#### LISTED ENTRIES ####

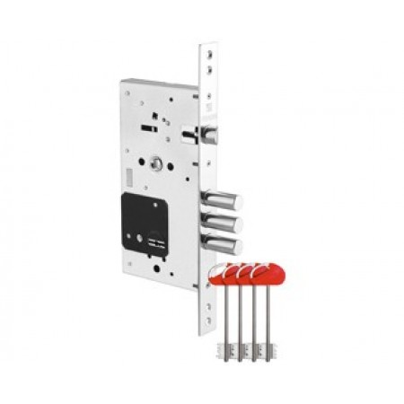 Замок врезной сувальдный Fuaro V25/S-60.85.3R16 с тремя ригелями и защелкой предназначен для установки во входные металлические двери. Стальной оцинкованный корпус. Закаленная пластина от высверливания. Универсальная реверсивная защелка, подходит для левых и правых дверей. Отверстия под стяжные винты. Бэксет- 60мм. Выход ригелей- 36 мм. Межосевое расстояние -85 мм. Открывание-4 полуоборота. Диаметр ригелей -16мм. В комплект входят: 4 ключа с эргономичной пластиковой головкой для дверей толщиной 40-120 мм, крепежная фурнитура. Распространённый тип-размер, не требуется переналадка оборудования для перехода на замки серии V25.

####
#### LISTED ENTRIES ####

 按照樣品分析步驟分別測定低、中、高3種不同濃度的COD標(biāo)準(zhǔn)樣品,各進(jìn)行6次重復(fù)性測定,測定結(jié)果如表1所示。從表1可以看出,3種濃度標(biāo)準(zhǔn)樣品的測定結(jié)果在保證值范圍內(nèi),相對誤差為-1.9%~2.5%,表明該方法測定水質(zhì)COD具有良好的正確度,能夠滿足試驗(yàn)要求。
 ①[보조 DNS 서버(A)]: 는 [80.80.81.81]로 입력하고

####
#### LISTED ENTRIES ####

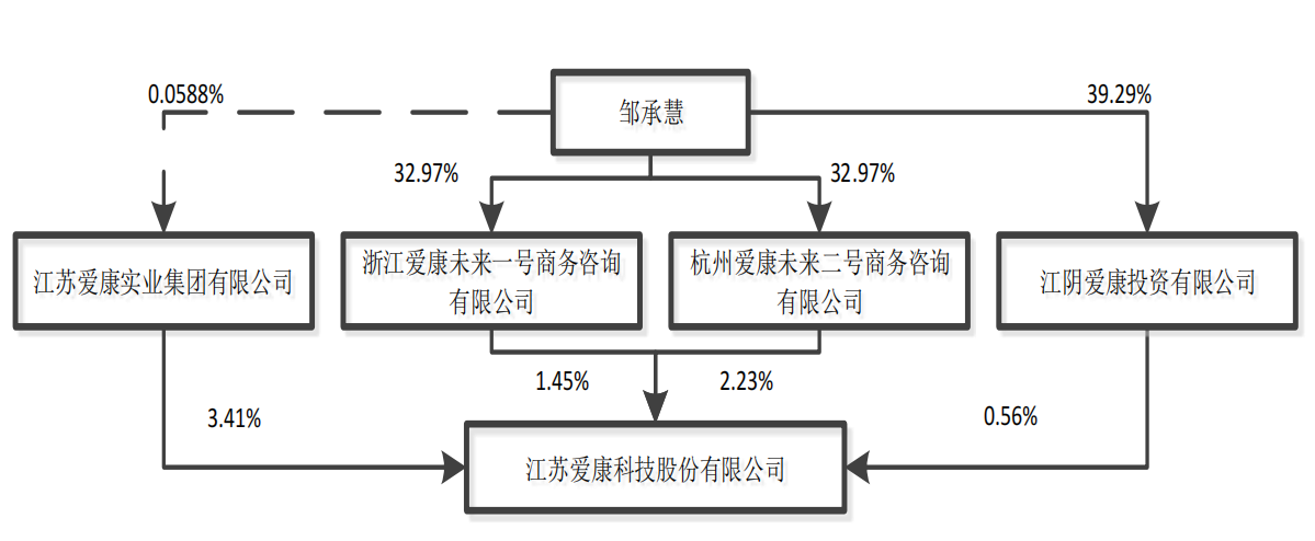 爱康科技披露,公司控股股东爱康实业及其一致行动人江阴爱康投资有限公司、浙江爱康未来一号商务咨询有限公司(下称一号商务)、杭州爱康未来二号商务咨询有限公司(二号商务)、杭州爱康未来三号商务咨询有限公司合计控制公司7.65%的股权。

####

▶ **PROBLEM TO WORK ON**: Above are records; repeat only the lines starting at the line with "按照樣品分析步驟分別測定低、" and ending at the line with "①[보조 DNS 서버(A)]: 는 [80.80.81.81]로 입력하고", exactly as they appear, both included.

▶ **ANSWER BOX**:
 按照樣品分析步驟分別測定低、中、高3種不同濃度的COD標(biāo)準(zhǔn)樣品,各進(jìn)行6次重復(fù)性測定,測定結(jié)果如表1所示。從表1可以看出,3種濃度標(biāo)準(zhǔn)樣品的測定結(jié)果在保證值范圍內(nèi),相對誤差為-1.9%~2.5%,表明該方法測定水質(zhì)COD具有良好的正確度,能夠滿足試驗(yàn)要求。
 ①[보조 DNS 서버(A)]: 는 [80.80.81.81]로 입력하고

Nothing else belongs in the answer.